“It’s an acknowledgment in song and movement of Atlanta’s role in the Civil Rights Movement, and actually lifting up the culture within the communities surrounding the BeltLine,” Atlanta Beltline Chief Equity and Inclusion Officer Nonet Sykes said.
Art on The Atlanta BeltLine and the Atlanta Opera organized the event that will start at 10 a.m. at the White Street trailhead of the Westside Trail. At 1 p.m., the performance will recommence at Ponce City Market on the Eastside Trail. Attendees are encouraged to wear pieces that would have been worn during the Civil Rights Movement era.
"We really would like for people to relive the spirit of those who sacrificed so much in the movement."- Karcheik Sims-Alvarado, historian and author, said.
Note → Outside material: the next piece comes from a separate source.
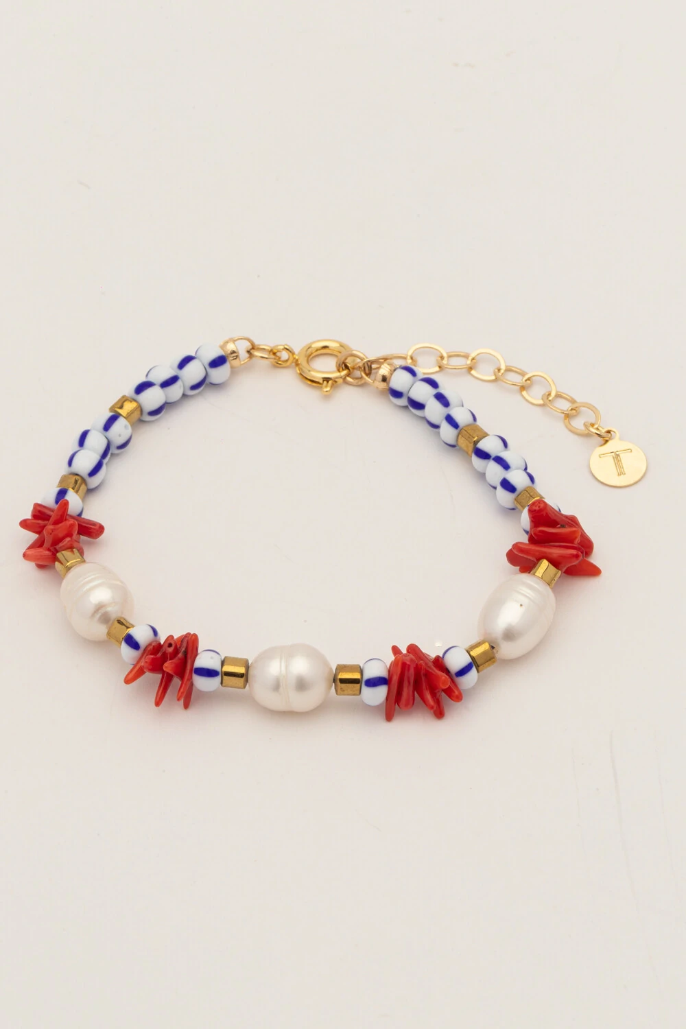 Pulseira autoral Fishermen’s Core Palito Coral, traz uma estética náutica contemporânea, combinando o brilho do banho ouro 18K com o contraste vibrante das cores vermelho e azul. Ele une força, estilo e personalidade em uma peça marcante.

“The pairing of them [the opera performance and the photo exhibit] just felt like a natural celebration and recognition of the influence of African-American women on the opera and musical landscape,” Sykes said.
The photo exhibit, located on the BeltLine until Dec. 1, is recognized as the nation’s longest civil and human rights exhibit, according to the Atlanta BeltLine.
“I wanted to create an exhibition that actually reflected the images of those who participated in the movement. The activists actually lived in the community where the exhibition is at,” Sims-Alvarado said.
For the opera performance, Alilaw and Wiltz chose traditional spirituals to help express the feelings of being disconnected and longing for hope.
“It takes them back to a place of comfort. It can also take them back to a place of community,” Wiltz said. “It’s very powerful to be able to use your body and your voice to tell these stories and to keep these stories alive when you’ve been persecuted for having them in the first place.”
Alilaw describes the operatic voice as one of the most powerful instruments.
“I think that’s a very potent tool for communication that can even go beyond the actual words that are being sung and has the power to penetrate into effect at a level deeper than just the mental understanding,” Alilaw said.
Sims-Alvarado wants for the music to uplift the audiences’ spirits and to mobilize them.
“I think music has a way of bringing us all together and allowing us to reflect on the movement and the sacrifices of those who were fighting for freedoms that we are actually enjoying today,” she said.